Brettanomyces is a genus of wild yeast important in brewing lambic, a beer produced not by the deliberate addition of brewer's yeasts, but by spontaneous fermentation by wild yeasts and bacteria. Brettanomyces lambicus, B. bruxellensis and B. claussenii are native to the Senne Valley region of Belgium, where lambic beer is produced.[22]

Distilled beverages

A distilled beverage is a beverage that contains ethanol that has been purified by distillation. Carbohydrate-containing plant material is fermented by yeast, producing a dilute solution of ethanol in the process. Spirits such as whiskey and rum are prepared by distilling these dilute solutions of ethanol. Components other than ethanol are collected in the condensate, including water, esters, and other alcohols which account for the flavor of the beverage.

Fresh grapes Main article: Fermentation (wine)

Yeast is used in winemaking where it converts the sugars present in grape juice or must into alcohol. Yeast is normally already invisibly present on the grapes. The fermentation can be done with this endogenous (or wild) yeast;[23] however, this may give unpredictable results depending on the exact types of yeast species that are present. For this reason a pure yeast culture is generally added to the must, which rapidly predominates the fermentation as it proceeds. This represses the wild yeasts and ensures a reliable and predictable fermentation.[24] Most added wine yeasts are strains of Saccharomyces cerevisiae, though not all strains of the species are suitable.[24] Different S. cerevisiae yeast strains have differing physiological and fermentative properties, therefore the actual strain of yeast selected can have a direct impact on the finished wine.[25] Significant research has been undertaken into the development of novel wine yeast strains that produce atypical flavour profiles or increased complexity in wines.[26][27]

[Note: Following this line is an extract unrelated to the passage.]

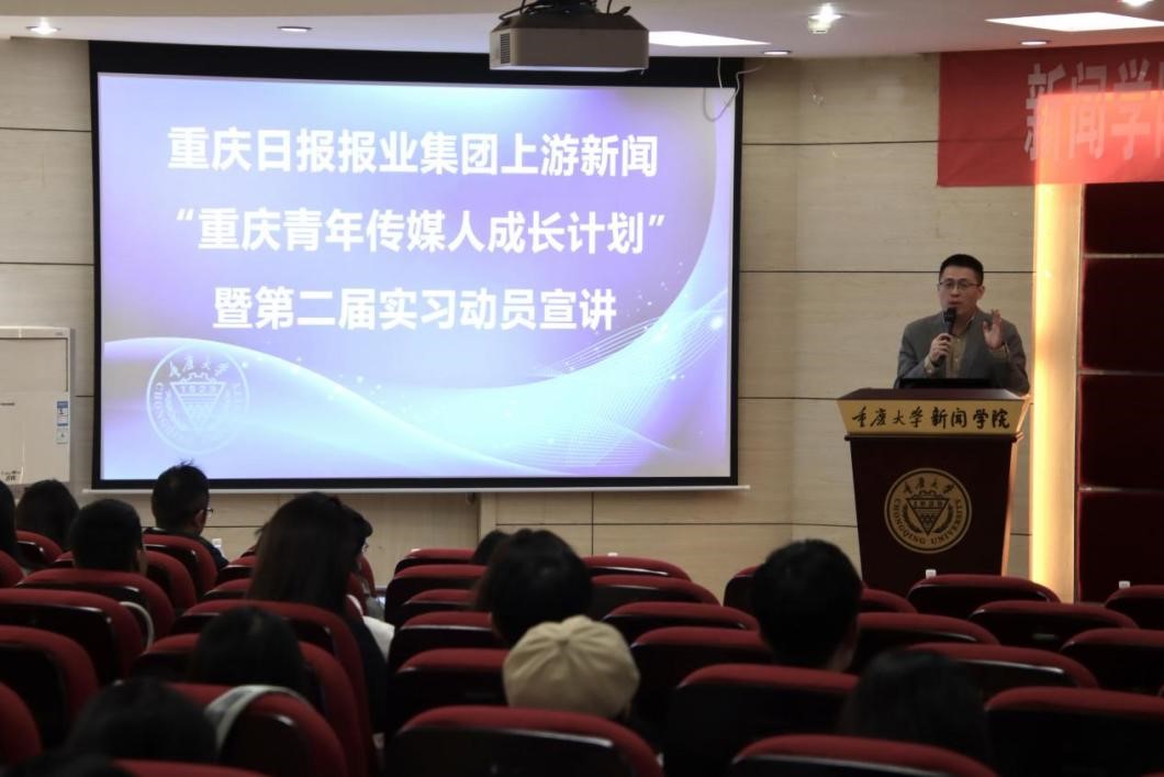 上游新闻编委冯飞详细介绍了“重庆青年传媒人成长计划”项目内容和本次拟招募实习生规模、培训过程、工作要求等,并现场解答了同学们关于实习时长、交通住宿、奖励措施等具体问题,号召学生积极参与第二届“重庆青年传媒人成长计划”,深入主流媒体,了解社会现状,为积极就业打好基础。

The growth of some yeasts such as Zygosaccharomyces and Brettanomyces in wine can result in wine faults and subsequent spoilage.[28] Brettanomyces produces an array of metabolites when growing in wine, some of which are volatile phenolic compounds. Together these compounds are often referred to as ``Brettanomyces character``, and are often described as antiseptic or ``barnyard`` type aromas. Brettanomyces is a significant contributor to wine faults within the wine industry.[29]